Non vado ad aprire.Non saprò mai chi c’era sulla porta».
Chi c’era sulla porta? Dio, Satana, Abramo? Oppure Maometto, Giovanni o il rabbino Löw? È da un quesito orfano di risposte, ma pregno di interrogativi, dubbi e supposizioni, che sembra trarre abbrivio “Il diavolo innamorato”: la prima opera narrativa, edita da Fandango Libri, di Davide Carnevali, tra gli autori teatrali italiani più rappresentati sulla scena europea e professore di drammaturgia di fama internazionale.

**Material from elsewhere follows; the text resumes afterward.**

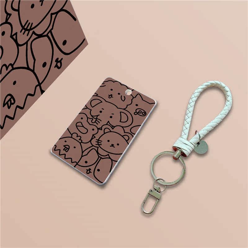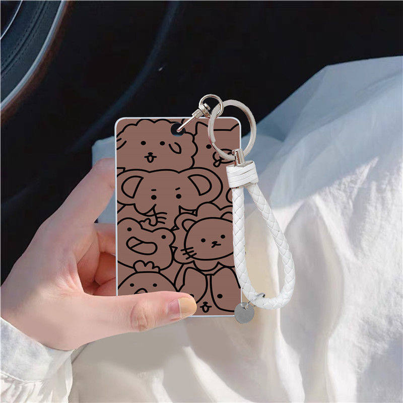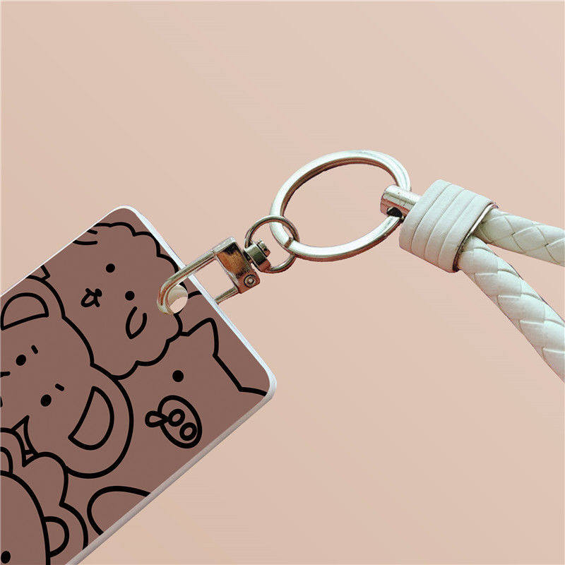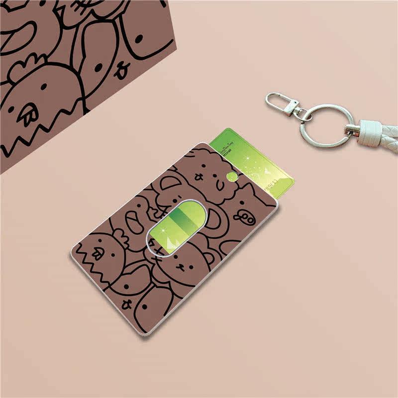 Коричневый милый чехол для проездного, защитный чехол, брелок, ремешок, с медвежатами

Costituito da una serie di «leggende, storielle e tradizioni ebraiche, musulmane e cristiane, tutte inventate da un ateo» – come riporta ironicamente il sottotitolo –, il testo assume, infatti, i contorni di un curioso “esperimento mentale”, che travalica i confini dei dogmi imposti e abbraccia il territorio della fantasia, elaborando suggestioni e scenari dal sapore alternativo e inedito. La cui narrazione risulta, inoltre, essere dominata dalla velleità di indagare ciò che «accadde dopo», dischiudendo il “velo di Maya” che occulta una realtà taciuta dal sapere religioso tradizionale e che scalpita per essere scoperta.
E che trova, nello scorrere amabile delle pagine, una sua peculiare “rivelazione”, la quale non consiste nel mistero della fede o di verità insondabili, bensì risiede nel desiderio pulsante e perpetuo di “umanizzare” tutti i protagonisti dell’immaginario religioso – e le vicende afferenti a essi, dalla creazione alla cacciata dal Paradiso, fino all’Apocalisse e al Giorno del Giudizio –, al fine di recarsi oltre il “non detto” e cogliere sfumature e insegnamenti da una prospettiva dissimile a quella tramandata nei secoli. Mostrando difetti, incertezze, sensibilità, paure ed emozioni dei personaggi coinvolti, infatti, il volume si allontana dall’etereo ed elide il divino, conducendolo nelle viscere di una Terra dominata da nevrosi, pareri discordanti e inganni e riponendolo al cospetto dei precetti di un’etica laica e scevra di vincoli aprioristici.
Come si evince dai periodi conclusivi di ogni episodio riportato, che, alla stregua delle morali favolistiche, conducono il lettore di fronte alla sconcertante e inattesa consapevolezza che anche Dio e Satana – e, nel complesso, tutti gli uomini di fede – siano intrisi, proprio come Adamo, Eva e la progenie che da questi derivò, di un’imperfezione spirituale così prismatica e autentica da rendere l’uomo caratteristico e irrinunciabile nella sua essenza.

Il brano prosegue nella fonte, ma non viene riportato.